What is a conditional get?
My full-length RSS feed is about 24,000 bytes long. It probably gets updated on average twice a day, but given the current tools, people still download the whole thing every hour to see if it's changed yet. This is obviously a waste of bandwidth. What they really should do, is first ask whether it's changed or not, and only download it if it has.
The people who invented HTTP came up with something even better. HTTP allows you to say to a server in a single query: “If this document has changed since I last looked at it, give me the new version. If it hasn't just tell me it hasn't changed and give me nothing.” This mechanism is called “Conditional GET”, and it would reduce 90% of those significant 24,000 byte queries into really trivial 200 byte queries.
Client implementation
The mechanism for performing a conditional get has changed slightly between HTTP versions 1.0 and 1.1. Like many things that changed between 1.0 and 1.1, you really have to do both to make sure you're satisfying everybody.
When you receive the RSS file from the webserver, check the response header for two fields: Last-Modified and ETag. You don't have to care what is in these headers, you just have to store them somewhere with the RSS file.
Next time you request the RSS file, include two headers in your request.. Your If-Modified-Since header should contain the value you snagged from the Last-Modified header earlier. The If-None-Match header should contain the value you snagged from the ETag header.

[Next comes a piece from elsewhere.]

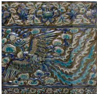
تصویر ۱۳: سیمرغ و نیلوفر، کاشی دوره ایلخانی، قرن ۷ ه.ق، محفوظ در موزه متروپولیتن (URL11)

If the RSS file has changed since you last requested it, the server will send you back the new RSS file in the perfectly normal way. However, if the RSS file has not changed, the server will respond with a ‘304’ response code (instead of the usual 200), where 304 means ‘Not Modified’. In the case of a 304, the response will have an empty body and the RSS file won't be sent back to you at all.
There's a temptation for clients to put their own date in the If-Modified-Since header, instead of just copying the one the server sent. This is a bad thing, what you should be sending back is exactly the same date the server sent you when you received the file. There's two reasons for this. Firstly, your computer's clock is unlikely to be exactly synchronised with the webserver, so the server could still send you files by mistake. Secondly, if the server programmer has followed this guide (see below), it'll only work if you send back exactly what you received.